-- Opening Marker --

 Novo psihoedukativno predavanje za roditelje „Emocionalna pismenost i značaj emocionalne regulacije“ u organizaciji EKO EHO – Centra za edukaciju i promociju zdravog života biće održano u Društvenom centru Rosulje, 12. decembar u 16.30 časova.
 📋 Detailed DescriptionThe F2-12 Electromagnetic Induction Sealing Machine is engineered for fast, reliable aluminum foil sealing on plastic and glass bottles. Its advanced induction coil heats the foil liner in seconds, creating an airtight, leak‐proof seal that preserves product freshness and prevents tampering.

-- Closing Marker --
-- Opening Marker --

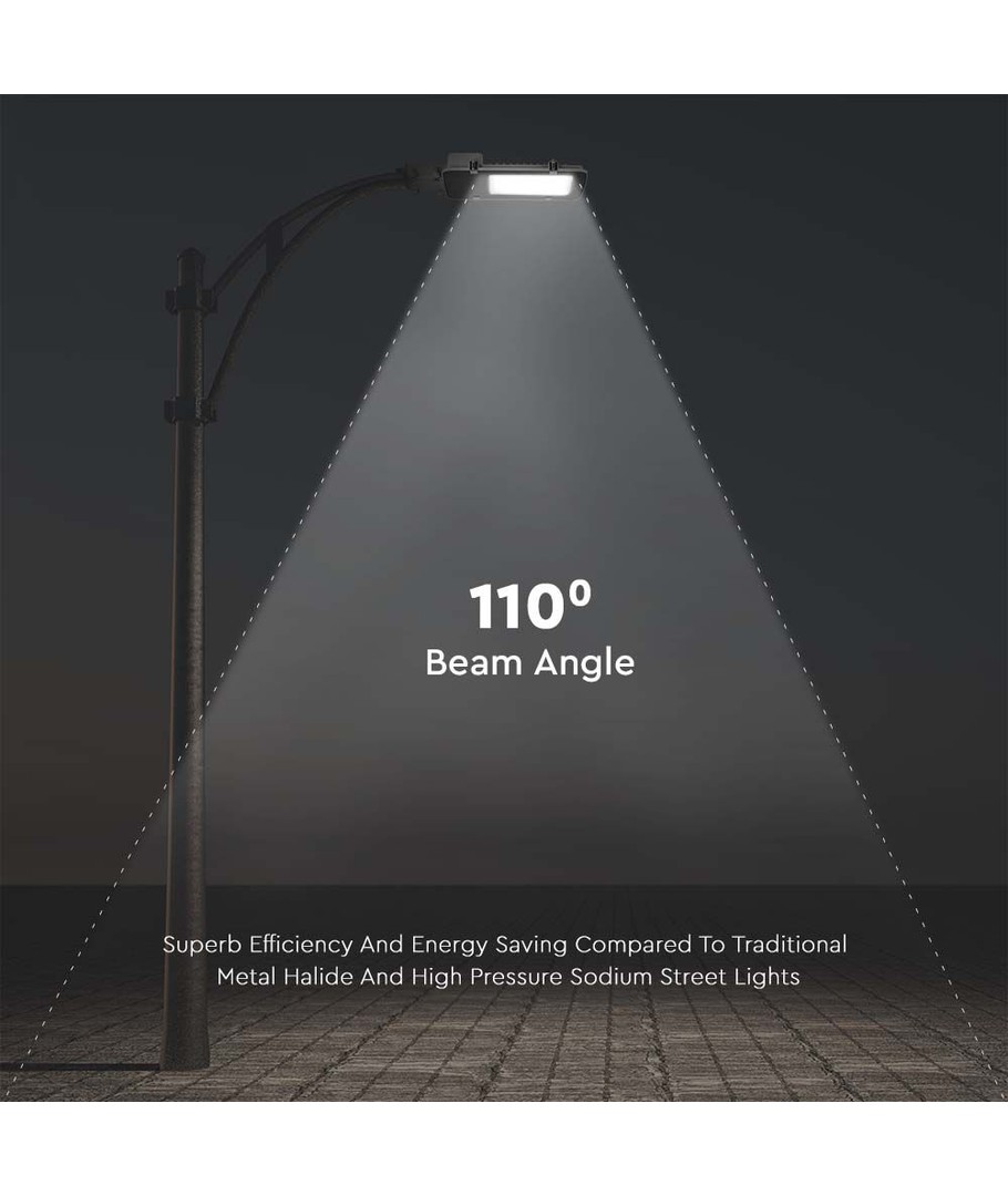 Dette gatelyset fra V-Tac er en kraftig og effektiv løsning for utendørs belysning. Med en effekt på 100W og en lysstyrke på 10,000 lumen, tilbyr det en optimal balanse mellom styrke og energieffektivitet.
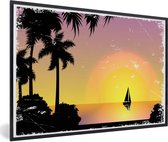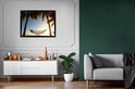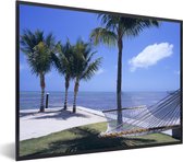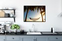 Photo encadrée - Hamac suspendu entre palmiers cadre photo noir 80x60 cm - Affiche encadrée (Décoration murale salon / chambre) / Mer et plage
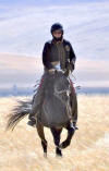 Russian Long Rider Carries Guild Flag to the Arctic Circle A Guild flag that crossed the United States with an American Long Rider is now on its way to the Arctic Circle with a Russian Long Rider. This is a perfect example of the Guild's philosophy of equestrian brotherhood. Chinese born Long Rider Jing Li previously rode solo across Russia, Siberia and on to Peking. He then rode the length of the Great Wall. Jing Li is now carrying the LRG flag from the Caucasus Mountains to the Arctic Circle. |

-- Closing Marker --
-- Opening Marker --

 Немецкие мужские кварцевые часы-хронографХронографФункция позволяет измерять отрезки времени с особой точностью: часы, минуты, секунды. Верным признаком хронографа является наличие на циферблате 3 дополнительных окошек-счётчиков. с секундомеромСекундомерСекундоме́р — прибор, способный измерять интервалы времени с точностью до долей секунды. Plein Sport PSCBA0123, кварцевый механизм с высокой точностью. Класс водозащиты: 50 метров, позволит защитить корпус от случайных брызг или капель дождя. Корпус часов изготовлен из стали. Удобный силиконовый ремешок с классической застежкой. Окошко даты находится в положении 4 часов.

-- Closing Marker --

__Activity__. What is asked for is an exact copy of the lines above from the one containing "Novo psihoedukativno predavanje" through the one containing "and prevents tampering.", and only those.

__Output__.
 Novo psihoedukativno predavanje za roditelje „Emocionalna pismenost i značaj emocionalne regulacije“ u organizaciji EKO EHO – Centra za edukaciju i promociju zdravog života biće održano u Društvenom centru Rosulje, 12. decembar u 16.30 časova.
 📋 Detailed DescriptionThe F2-12 Electromagnetic Induction Sealing Machine is engineered for fast, reliable aluminum foil sealing on plastic and glass bottles. Its advanced induction coil heats the foil liner in seconds, creating an airtight, leak‐proof seal that preserves product freshness and prevents tampering.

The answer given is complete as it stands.